SCSI error: return code = 0x00010000
end_request: I/O error, dev sdg, sector 524287992
sd 1:0:1:3: SCSI error: return code = 0x00010000
end_request: I/O error, dev sdg, sector 0
sd 1:0:1:4: SCSI error: return code = 0x00010000
end_request: I/O error, dev sdh, sector 0
sd 1:0:1:4: SCSI error: return code = 0x00010000
end_request: I/O error, dev sdh, sector 0
sd 1:0:1:4: SCSI error: return code = 0x00010000
end_request: I/O error, dev sdh, sector 524287992
sd 1:0:1:4: SCSI error: return code = 0x00010000
end_request: I/O error, dev sdh, sector 524287992
sd 1:0:1:4: SCSI error: return code = 0x00010000
end_request: I/O error, dev sdh, sector 0

Also, the following partial vgdisply -v output
seems to confirm the error messages from the logs (listed above):

# vgdisplay -v
Finding all volume groups
/dev/sda: read failed after 0 of 4096 at 0: Input/output error
/dev/sdb: read failed after 0 of 4096 at 0: Input/output error
/dev/sdc: read failed after 0 of 4096 at 0: Input/output error
/dev/sdd: read failed after 0 of 4096 at 0: Input/output error
/dev/sde: read failed after 0 of 4096 at 0: Input/output error
/dev/sdf: read failed after 0 of 4096 at 0: Input/output error
/dev/sdg: read failed after 0 of 4096 at 0: Input/output error
/dev/sdh: read failed after 0 of 4096 at 0: Input/output error
Found duplicate PV xjjRbOG92EcZA4tIWdCgCTg1hfYPl2w1: using /dev/sdm not /dev/sdi
Found duplicate PV 0MKA80XY7DWOKcmIgohS6l8IENebjUgT: using /dev/sdn not /dev/sdj
Found duplicate PV u2VZKuhxRDOVCXunN0czzOvaF4liqmZg: using /dev/sdo not /dev/sdk
Found duplicate PV LEYBZCSyOltHJhpojFE7vaZruMDpXBio: using /dev/sdp not /dev/sdl

Partial output of dmesg:

end_request: I/O error, dev sdf, sector 0
sd 1:0:1:2: SCSI error: return code = 0x00010000
end_request: I/O error, dev sdf, sector 0
sd 1:0:1:2: SCSI error: return code = 0x00010000
end_request: I/O error, dev sdf, sector 524287992

Has anyone seen this before or can someone point me in the right direction to begin troubleshooting this? Thanks in advance!

robs
5 REPLIES 5
Ivan Ferreira
Honored Contributor

Re: Need Help Interpreting I/O Error Messages

It seems that your linux server is not correctly configured for multipath, as you are seeing "duplicate PV". Maybe your firmware upgrade changed the behaviour of the storage. Ensure that you have configured some multipath software.

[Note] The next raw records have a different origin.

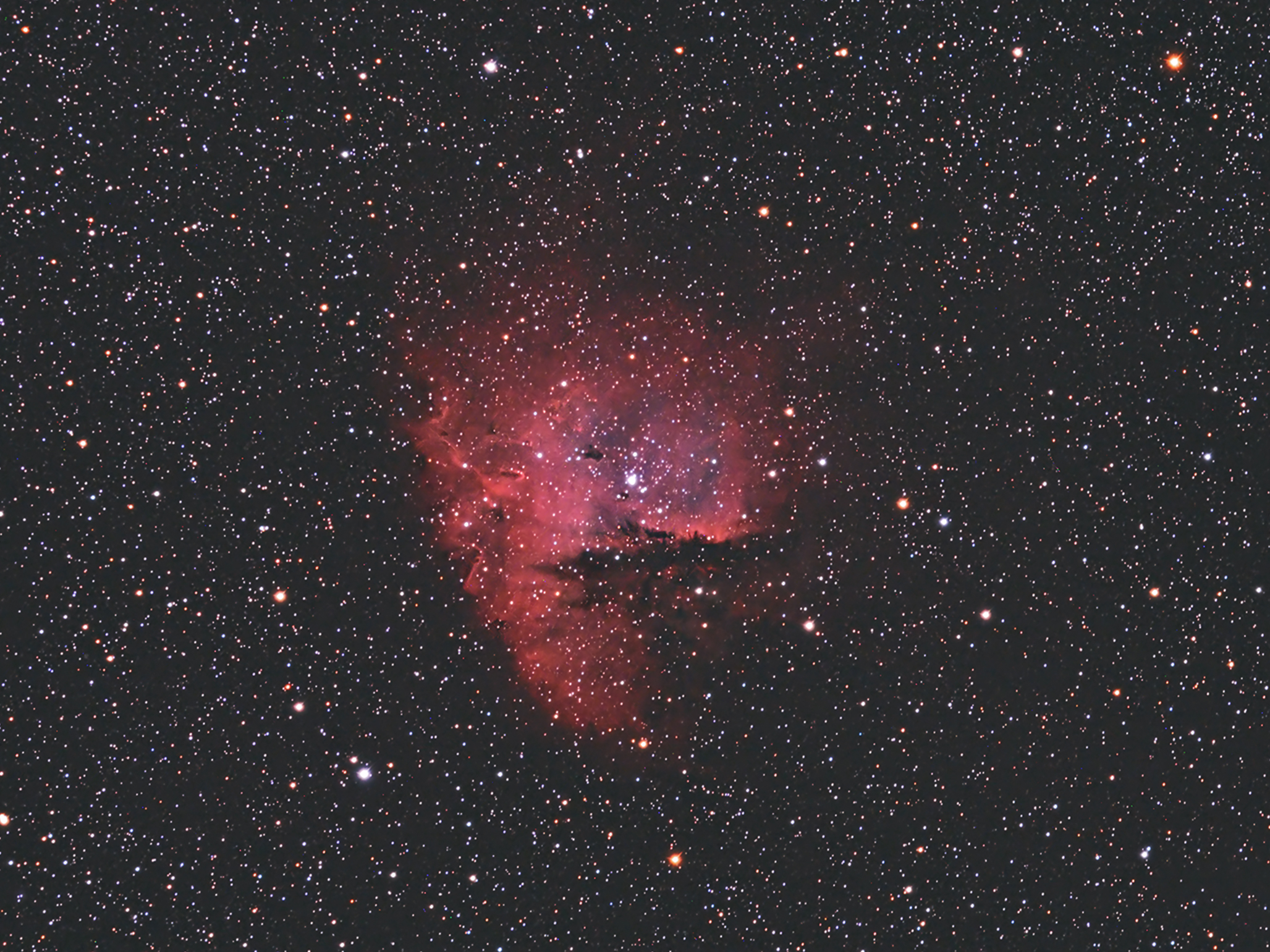 Der auch Pacman genannte Emmisionsnebel NGC 281 in der Cassiopeia enthält neben dem aus ihm entstandenen Sternhaufen IC 1590 auch mehrere Bok-Globulen. Das macht ihn zu einem wunderschön strukturierten Objekt.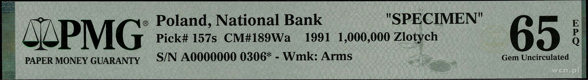 | Opis: | POLSKA / III Rzeczpospolita Polska od 1989. 1.000.000 złotych, 15.02.1991; seria A, numeracja 0000000, czerwony nadruk SPECIMEN/WZÓR, dodatkowa numeracja wzoru 0306*; Lucow 1541 (R5), Miłczak 189Wa; piękny banknot w opakowaniu PMG 2202955-059 z oceną Gem Uncirculated 65 EPQ. |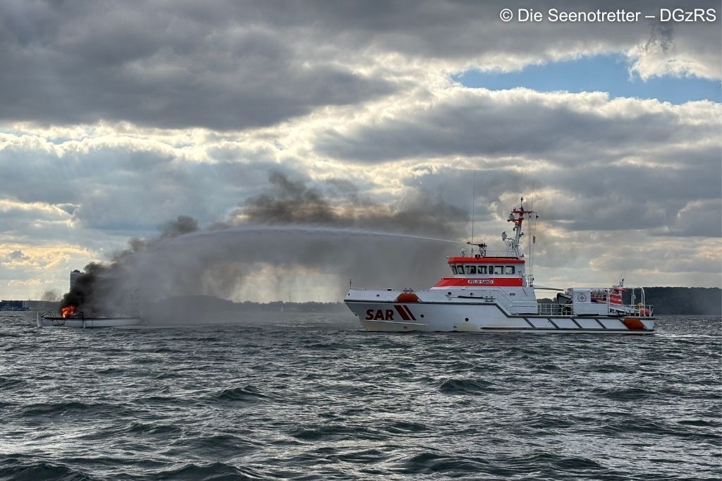 Der Seenotrettungskreuzer FELIX SAND der DGzRS bekämpft den Brand auf einer Segelyacht vor Travemünde. (Bild: Die Seenotretter – DGzRS)

Also, if you haven't configured multipath, during firmware upgrade and controller reboots, you will lose access to your disks.
Por que hacerlo dificil si es posible hacerlo facil? - Why do it the hard way, when you can do it the easy way?
robs58
Occasional Advisor

Re: Need Help Interpreting I/O Error Messages

Ivan,

Thanks for your earlier reply!

There was an eva firmware upgrade at the time of the incident. Several other servers encountered the event but were able to recover. Not knowing the specifics of how or if multipath was configured, it appears that multipath is not configured or not configured properly on the server.

Among other things:

the multipath daemon is not configured to start on startup and is not running
log $ /sbin/chkconfig --list multipathd
multipathd 0:off 1:off 2:off 3:off 4:off 5:off 6:off

# /sbin/service multipathd status
multipathd is stopped

the /etc/multipath.conf file does not appear to have been touched and blacklists all devices:
etc $ more multipath.conf
# This is a basic configuration file with some examples, for device mapper
. . .
blacklist {
devnode "*"
}
. . .

not sure, but ├в multipath ├в ll ├в showing no output also indicates that multipath is not configured .

Is it possible that a reboot of the system would re-acquire the LUN connections?
Ivan Ferreira
Honored Contributor
Solution

Re: Need Help Interpreting I/O Error Messages

Yes it's possible, but the real solution is to configure multipath or this event will occur again.
Por que hacerlo dificil si es posible hacerlo facil? - Why do it the hard way, when you can do it the easy way?
JM asks
Advisor

Re: Need Help Interpreting I/O Error Messages

a messages that did pop up AT the time of the firmware update:

kernel: rport-1:0-7: blocked FC remote port time out: saving binding
kernel: rport-1:0-6: blocked FC remote port time out: saving binding


robs58
Occasional Advisor

Re: Need Help Interpreting I/O Error Messages

Points have been assigned. Thanks for your assistance!